After clicking execute some activity appears in the right hand menu indicating that my file is being uploaded. After a few minutes, my NGS file is in the system. To look at quality information, I select the “NGS: QC and manipulation” menu to find a tool. There are 18 options for tools to split files, join files, convert files, and convert quality data in files; this stuff is complicated. Since all I want to do is start with creating some summary statics, I find and select "FASTQ summary statistics." This opens a page in the main window where I can select the file that I uploaded and click the execute button to generate a big 20 column table that contains one row per base in the reads. The columns contain information about the frequency of bases and statistical values derived from the quality values in the file. These data are displayed in a text table that is hard to read, so the next step is to graphically view the data in histogram and box plots.

Graphing tools are listed under a different menu, “Graph/Display Data.” I like box plots, so I’ll select that choice. In the main window I select my summary stats file, create a title for the plot, set the plot’s dimensions (in pixels), define x and y axes titles, and select the columns from the big table that contains the appropriate data. I click the execute button to create files containing the graphs. Oops, I get an error message. It says “/bin/sh gnuplot command not found.” I have to install gnuplot. To get gnuplot going I have to download source, compile the package, and install. To do this I will need developer tools installed along with gnuplot’s other dependencies for image drawing. This is getting to be more work than I bargained for ...

When Schatz said “regular user” he must have meant unix savvy biologist that understands bioinformatics terminology, file formats, and other conventions, and can install software from source code.

Alternatively, I can upload my data into GeneSifter, select the QC analysis pipeline, navigate to the file summary page, and click the view results link. After all, GeneSifter was designed by biologists for biologists.

4 comments:

Anonymous said...

> Alternatively, I can upload my data into GeneSifter

Alternatively, you can upload your data to the public Galaxy server at http://main.g2.bx.psu.edu/

You are comparing *using* a webtool on an external server (GeneSifter) with *installing* your own server. Is this really fair?

Todd Smith said...

I agree, it is not fair to compare an installation experience to a web experience. They are different things. One of the points that I am making is that IT specialists are needed to get the system running. That's OK, but groups should be aware this is an investment they need to make.

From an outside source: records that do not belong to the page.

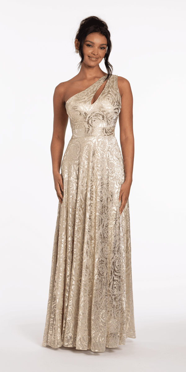 Foil Jacquard One Shoulder A Line Dress with Keyhole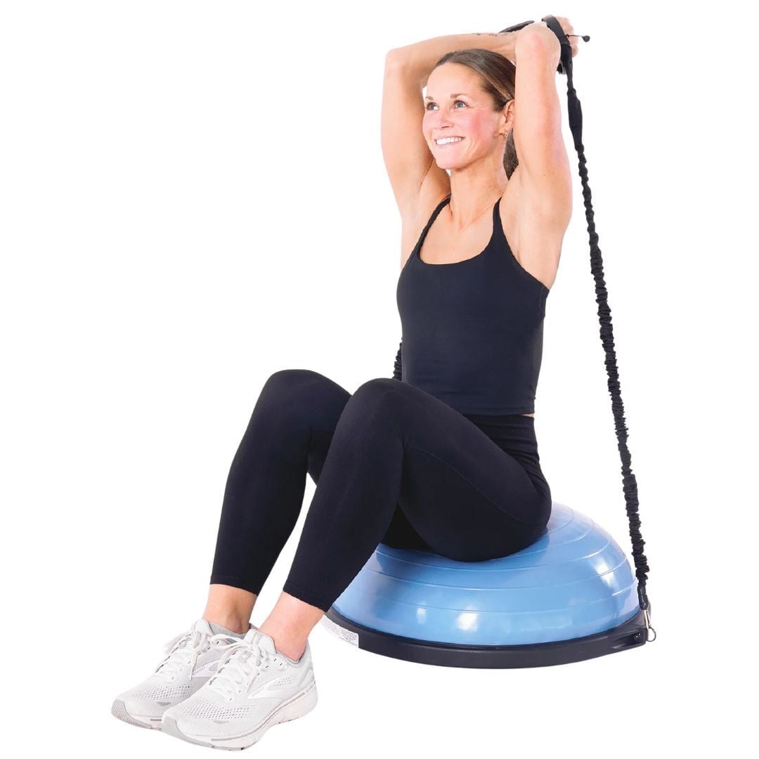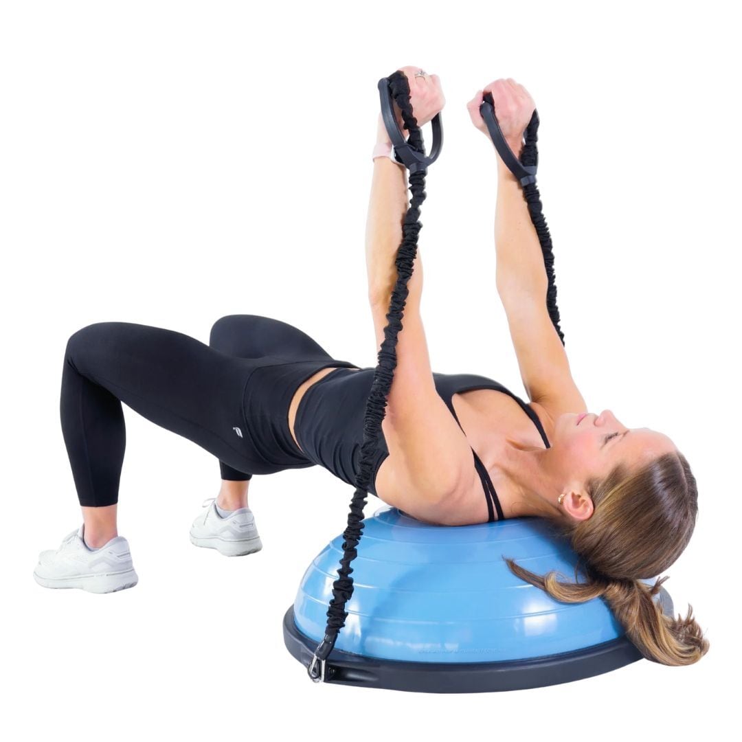 世界中のフィットネスシーンで愛用されている「BOSU®バランストレーナー」に、待望のレジスタンスバンド(チューブ)一体型が登場しました。
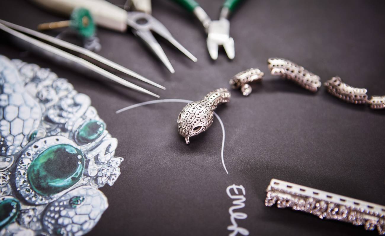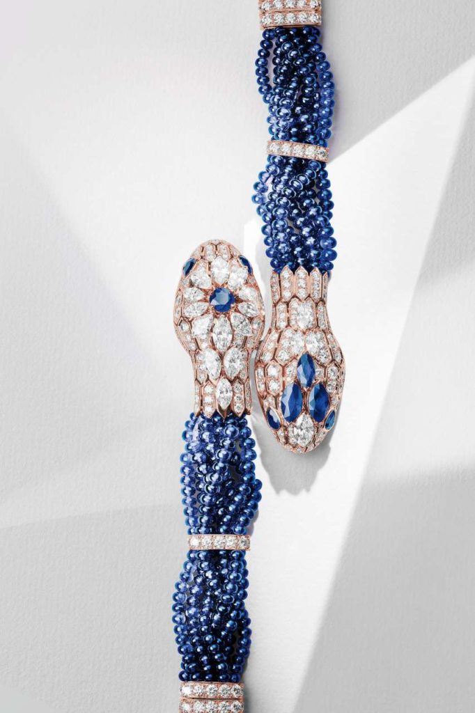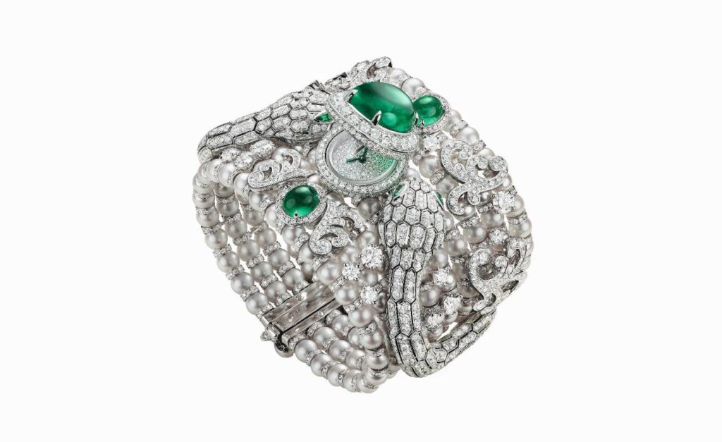 Uno dei pezzi più complessi della collezione Barocko, questa creazione ha richiesto 2.300 ore per essere completata, tra vortici di pavé di diamanti e oltre 220 perle che impreziosiscono il bracciale estremamente flessibile. Scelte e abbinate per colori e dimensioni uniformi, le perle si alternano ad anelli con diamanti per delimitare il bracciale e allinearsi all\'estetica Serpenti. Un raro smeraldo taglio cabochon di oltre 12 carati nasconde il quadrante con diamanti incastonati secondo la tecnica snow set.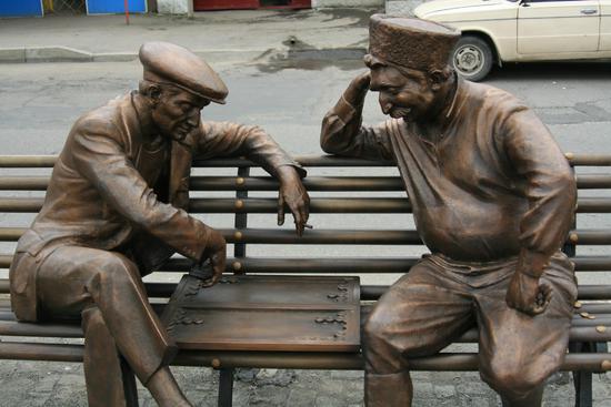 наверно это не просто новый памятник в Осетии, но и новый памятник ДЛЯ Осетии. наконец-то первый памятник, который сделан не в этой надоевшей пафосной манере, без грандизности, без этой лживой величественности, без диких размеров, которые врут. а всего лишь кусочек жизни. очень приятная картина, сегодня все останавливались посмотреть и у всех была улыбка на лицах. и даже авторство сделано как будто выцарапано ножом на дереве.

However, I did test the web server as you suggested to make a more apples to apples comparison. Unfortunately, I had less success than the installed version. I could upload my file, but I could not select it from the history when I tried to do my analysis. If you let me know when the problem is fixed and I will happily perform a better comparison in a future post.

Anonymous said...

That's too bad. We've had a lot of success getting users up and running. Of course, most users don't need to install Galaxy, they'll run it from the web site.

But if you would like you can watch the introductory tutorial we have to orient people to Galaxy:

http://www.openhelix.com/galaxy

We find that with a little introduction people can get pretty far. Which is true of a lot of software.

Todd Smith said...

Thanks for the note Mary. I understood the software just fine my problems were: 1. the installation requires additional packages that I ddid not want to spend time installing, 2. the available web version appears to have a bug that prevented me from selecting my uploaded file.